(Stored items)
· · ·

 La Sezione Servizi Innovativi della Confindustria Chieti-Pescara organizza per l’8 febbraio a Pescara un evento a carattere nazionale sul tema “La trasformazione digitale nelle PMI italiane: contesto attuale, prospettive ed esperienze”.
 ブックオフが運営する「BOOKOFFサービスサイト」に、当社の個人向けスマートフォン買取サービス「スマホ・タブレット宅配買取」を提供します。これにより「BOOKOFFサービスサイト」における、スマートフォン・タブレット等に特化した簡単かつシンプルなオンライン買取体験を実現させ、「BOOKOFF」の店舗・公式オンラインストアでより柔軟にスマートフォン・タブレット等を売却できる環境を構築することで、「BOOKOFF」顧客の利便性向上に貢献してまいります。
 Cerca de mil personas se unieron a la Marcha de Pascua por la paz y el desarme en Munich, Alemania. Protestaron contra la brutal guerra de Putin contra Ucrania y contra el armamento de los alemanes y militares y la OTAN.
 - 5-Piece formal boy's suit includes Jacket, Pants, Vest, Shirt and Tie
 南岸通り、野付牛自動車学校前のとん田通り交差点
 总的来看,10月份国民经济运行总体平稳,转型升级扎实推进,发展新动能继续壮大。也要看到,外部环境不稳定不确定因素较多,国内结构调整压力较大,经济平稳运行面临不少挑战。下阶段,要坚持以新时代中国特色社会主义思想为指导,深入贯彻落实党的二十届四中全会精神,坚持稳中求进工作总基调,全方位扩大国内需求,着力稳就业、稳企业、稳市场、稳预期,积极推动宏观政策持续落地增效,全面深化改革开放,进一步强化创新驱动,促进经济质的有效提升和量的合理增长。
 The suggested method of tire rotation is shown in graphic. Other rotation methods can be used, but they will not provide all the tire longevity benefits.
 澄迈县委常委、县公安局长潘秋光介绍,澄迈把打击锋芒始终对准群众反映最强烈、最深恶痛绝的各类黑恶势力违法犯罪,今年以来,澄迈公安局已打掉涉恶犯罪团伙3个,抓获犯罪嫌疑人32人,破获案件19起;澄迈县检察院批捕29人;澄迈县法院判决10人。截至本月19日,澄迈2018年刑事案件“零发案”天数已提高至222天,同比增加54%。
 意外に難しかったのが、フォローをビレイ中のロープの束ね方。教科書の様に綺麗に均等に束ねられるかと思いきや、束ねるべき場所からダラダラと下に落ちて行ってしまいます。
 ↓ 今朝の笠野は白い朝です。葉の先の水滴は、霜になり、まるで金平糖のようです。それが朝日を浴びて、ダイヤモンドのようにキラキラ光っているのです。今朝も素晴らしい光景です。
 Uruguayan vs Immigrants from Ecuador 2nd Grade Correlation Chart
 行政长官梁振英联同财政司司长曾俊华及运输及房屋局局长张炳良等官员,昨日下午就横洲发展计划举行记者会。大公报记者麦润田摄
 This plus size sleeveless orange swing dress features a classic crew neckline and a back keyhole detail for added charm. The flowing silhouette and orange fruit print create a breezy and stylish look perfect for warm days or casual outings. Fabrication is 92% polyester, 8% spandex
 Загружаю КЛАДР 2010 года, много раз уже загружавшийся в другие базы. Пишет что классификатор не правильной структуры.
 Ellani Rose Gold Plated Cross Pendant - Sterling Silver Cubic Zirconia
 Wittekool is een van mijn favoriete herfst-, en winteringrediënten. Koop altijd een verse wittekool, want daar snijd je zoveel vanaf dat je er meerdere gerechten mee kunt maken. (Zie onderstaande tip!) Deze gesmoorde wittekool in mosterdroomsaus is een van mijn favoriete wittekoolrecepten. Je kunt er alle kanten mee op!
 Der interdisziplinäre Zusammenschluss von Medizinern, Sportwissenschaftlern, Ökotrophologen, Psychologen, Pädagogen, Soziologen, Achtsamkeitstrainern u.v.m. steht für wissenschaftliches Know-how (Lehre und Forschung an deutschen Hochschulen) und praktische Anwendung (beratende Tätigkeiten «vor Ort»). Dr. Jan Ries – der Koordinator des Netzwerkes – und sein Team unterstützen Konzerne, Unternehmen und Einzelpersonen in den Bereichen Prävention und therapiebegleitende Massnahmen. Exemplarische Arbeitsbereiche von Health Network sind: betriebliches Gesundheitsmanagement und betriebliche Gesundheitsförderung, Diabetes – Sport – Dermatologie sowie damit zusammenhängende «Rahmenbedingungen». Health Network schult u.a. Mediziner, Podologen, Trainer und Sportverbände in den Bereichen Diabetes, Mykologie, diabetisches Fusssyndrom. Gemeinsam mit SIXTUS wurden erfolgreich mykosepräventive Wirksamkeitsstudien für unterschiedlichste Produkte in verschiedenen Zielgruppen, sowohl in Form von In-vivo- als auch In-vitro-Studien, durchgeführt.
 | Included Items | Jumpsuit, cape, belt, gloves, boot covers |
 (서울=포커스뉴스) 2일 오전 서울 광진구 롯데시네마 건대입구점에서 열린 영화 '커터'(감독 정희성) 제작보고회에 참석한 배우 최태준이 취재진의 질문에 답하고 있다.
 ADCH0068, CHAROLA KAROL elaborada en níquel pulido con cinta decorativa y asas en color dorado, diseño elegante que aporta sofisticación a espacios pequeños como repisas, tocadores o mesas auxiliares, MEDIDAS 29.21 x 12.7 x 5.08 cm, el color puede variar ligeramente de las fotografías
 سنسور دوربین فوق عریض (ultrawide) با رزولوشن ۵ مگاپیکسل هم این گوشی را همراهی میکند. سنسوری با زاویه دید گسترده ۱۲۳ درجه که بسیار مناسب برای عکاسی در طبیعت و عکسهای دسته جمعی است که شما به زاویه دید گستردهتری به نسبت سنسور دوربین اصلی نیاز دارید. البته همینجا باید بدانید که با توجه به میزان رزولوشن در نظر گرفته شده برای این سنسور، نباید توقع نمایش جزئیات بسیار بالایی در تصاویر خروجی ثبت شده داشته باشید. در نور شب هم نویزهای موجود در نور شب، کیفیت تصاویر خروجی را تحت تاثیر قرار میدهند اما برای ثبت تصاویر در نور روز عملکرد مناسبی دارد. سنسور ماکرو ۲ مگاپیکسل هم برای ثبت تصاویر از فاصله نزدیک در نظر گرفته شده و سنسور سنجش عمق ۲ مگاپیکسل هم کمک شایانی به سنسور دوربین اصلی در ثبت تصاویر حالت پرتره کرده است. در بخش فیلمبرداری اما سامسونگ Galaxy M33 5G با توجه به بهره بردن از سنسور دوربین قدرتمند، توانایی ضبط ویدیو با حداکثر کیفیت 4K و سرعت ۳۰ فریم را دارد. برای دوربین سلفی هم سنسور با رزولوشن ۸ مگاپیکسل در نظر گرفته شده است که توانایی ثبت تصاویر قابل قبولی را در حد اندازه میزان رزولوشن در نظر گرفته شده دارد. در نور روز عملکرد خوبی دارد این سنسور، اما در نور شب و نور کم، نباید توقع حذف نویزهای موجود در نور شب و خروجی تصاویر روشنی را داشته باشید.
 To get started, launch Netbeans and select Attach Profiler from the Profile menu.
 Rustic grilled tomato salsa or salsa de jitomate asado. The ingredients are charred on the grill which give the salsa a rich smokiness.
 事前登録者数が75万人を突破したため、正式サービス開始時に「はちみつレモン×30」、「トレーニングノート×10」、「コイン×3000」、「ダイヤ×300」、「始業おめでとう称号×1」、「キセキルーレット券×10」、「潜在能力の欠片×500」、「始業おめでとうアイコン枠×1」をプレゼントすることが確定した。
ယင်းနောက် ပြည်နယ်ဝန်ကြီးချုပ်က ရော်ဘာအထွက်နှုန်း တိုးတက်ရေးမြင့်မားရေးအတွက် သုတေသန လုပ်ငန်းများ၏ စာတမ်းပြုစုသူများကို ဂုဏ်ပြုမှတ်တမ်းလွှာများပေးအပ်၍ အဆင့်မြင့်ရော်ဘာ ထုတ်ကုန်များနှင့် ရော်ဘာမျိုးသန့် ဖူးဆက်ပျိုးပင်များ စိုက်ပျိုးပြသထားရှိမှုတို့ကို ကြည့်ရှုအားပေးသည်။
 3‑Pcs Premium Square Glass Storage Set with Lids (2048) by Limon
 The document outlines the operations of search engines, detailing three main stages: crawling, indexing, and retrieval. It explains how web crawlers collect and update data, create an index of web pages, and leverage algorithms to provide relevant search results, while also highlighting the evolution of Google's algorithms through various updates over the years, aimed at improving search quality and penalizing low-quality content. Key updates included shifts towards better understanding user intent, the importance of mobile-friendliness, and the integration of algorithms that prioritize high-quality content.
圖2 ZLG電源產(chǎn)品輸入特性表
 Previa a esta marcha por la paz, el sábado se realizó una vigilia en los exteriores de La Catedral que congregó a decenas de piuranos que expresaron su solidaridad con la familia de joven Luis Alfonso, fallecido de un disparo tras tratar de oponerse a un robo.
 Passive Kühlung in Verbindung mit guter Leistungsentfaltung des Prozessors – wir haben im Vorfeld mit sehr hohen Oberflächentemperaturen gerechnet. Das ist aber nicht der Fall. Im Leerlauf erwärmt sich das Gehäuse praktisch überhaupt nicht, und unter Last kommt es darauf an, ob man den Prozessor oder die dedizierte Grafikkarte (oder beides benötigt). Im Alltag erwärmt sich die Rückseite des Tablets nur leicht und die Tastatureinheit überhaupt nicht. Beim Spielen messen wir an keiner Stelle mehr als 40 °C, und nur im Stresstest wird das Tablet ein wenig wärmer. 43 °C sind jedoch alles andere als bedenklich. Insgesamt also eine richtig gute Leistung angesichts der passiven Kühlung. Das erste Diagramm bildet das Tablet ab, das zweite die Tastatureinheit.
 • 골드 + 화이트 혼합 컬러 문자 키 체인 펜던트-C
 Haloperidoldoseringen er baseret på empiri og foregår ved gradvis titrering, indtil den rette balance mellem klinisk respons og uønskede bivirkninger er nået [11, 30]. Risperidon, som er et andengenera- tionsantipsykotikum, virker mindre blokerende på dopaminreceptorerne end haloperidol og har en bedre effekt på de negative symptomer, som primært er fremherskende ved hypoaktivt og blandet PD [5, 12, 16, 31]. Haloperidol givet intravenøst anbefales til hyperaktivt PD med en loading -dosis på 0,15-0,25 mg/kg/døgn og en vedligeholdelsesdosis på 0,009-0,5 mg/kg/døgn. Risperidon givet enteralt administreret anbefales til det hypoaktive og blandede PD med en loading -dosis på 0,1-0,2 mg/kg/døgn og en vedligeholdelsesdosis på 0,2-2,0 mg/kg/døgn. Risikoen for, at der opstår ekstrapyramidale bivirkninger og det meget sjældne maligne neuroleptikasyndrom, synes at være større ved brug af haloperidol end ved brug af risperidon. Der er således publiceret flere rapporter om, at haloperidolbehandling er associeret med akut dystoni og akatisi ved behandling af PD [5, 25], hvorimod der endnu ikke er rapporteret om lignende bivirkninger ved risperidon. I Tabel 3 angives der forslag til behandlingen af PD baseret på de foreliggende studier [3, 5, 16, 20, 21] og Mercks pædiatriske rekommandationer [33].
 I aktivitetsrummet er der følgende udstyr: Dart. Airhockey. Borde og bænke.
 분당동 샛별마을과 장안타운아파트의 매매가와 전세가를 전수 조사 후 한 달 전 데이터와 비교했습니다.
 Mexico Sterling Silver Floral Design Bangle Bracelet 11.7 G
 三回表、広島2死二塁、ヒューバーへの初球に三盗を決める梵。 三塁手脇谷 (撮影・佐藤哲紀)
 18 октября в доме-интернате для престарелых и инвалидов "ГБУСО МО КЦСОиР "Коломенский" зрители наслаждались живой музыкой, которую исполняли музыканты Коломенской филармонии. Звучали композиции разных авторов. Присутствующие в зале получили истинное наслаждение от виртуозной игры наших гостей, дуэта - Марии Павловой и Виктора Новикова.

· · ·

* What the exercise asks
Lines with the word "create" in the data need counting; report the count alone.

* Result
2